# What is being asked
Given the entries below, would you transcribe exactly the lines starting at the one with "LEGO DUPLO dyretoget" and ending at the one with "His photographs prove", both kept, pictures omitted, nothing extra?

# Provided information

Content starts

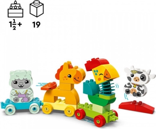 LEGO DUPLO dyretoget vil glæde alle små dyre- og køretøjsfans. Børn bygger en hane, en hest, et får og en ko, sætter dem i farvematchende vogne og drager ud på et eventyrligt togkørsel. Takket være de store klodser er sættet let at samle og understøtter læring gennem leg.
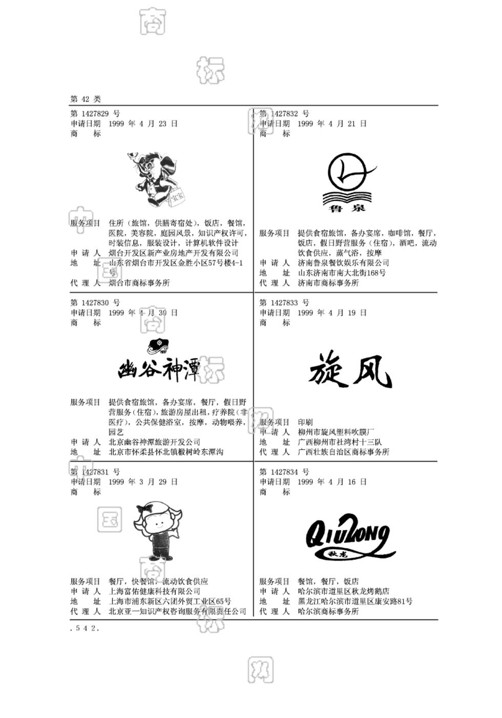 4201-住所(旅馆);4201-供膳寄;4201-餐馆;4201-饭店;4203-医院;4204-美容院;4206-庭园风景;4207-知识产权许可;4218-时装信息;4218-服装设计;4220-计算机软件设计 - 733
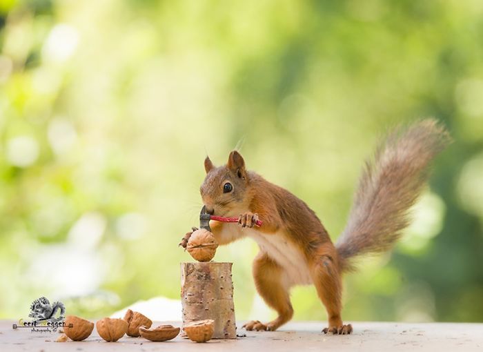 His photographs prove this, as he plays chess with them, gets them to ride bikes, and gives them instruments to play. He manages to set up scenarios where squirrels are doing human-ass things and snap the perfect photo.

Content ends
Content starts

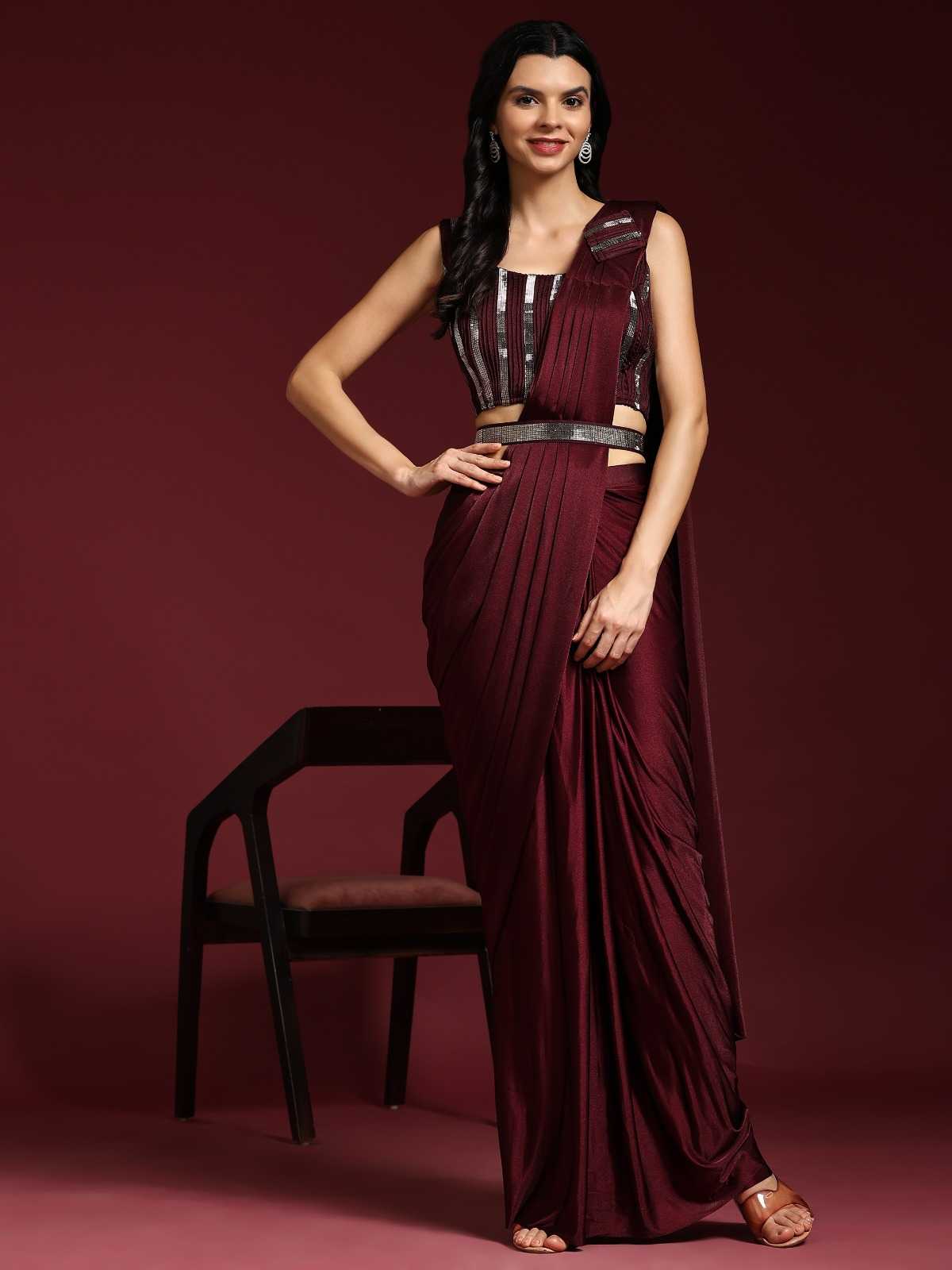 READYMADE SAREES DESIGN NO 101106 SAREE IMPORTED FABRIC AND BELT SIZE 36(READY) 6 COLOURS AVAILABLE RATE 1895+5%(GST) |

Content ends

# Answer to this task
 LEGO DUPLO dyretoget vil glæde alle små dyre- og køretøjsfans. Børn bygger en hane, en hest, et får og en ko, sætter dem i farvematchende vogne og drager ud på et eventyrligt togkørsel. Takket være de store klodser er sættet let at samle og understøtter læring gennem leg.
 4201-住所(旅馆);4201-供膳寄;4201-餐馆;4201-饭店;4203-医院;4204-美容院;4206-庭园风景;4207-知识产权许可;4218-时装信息;4218-服装设计;4220-计算机软件设计 - 733
 His photographs prove this, as he plays chess with them, gets them to ride bikes, and gives them instruments to play. He manages to set up scenarios where squirrels are doing human-ass things and snap the perfect photo.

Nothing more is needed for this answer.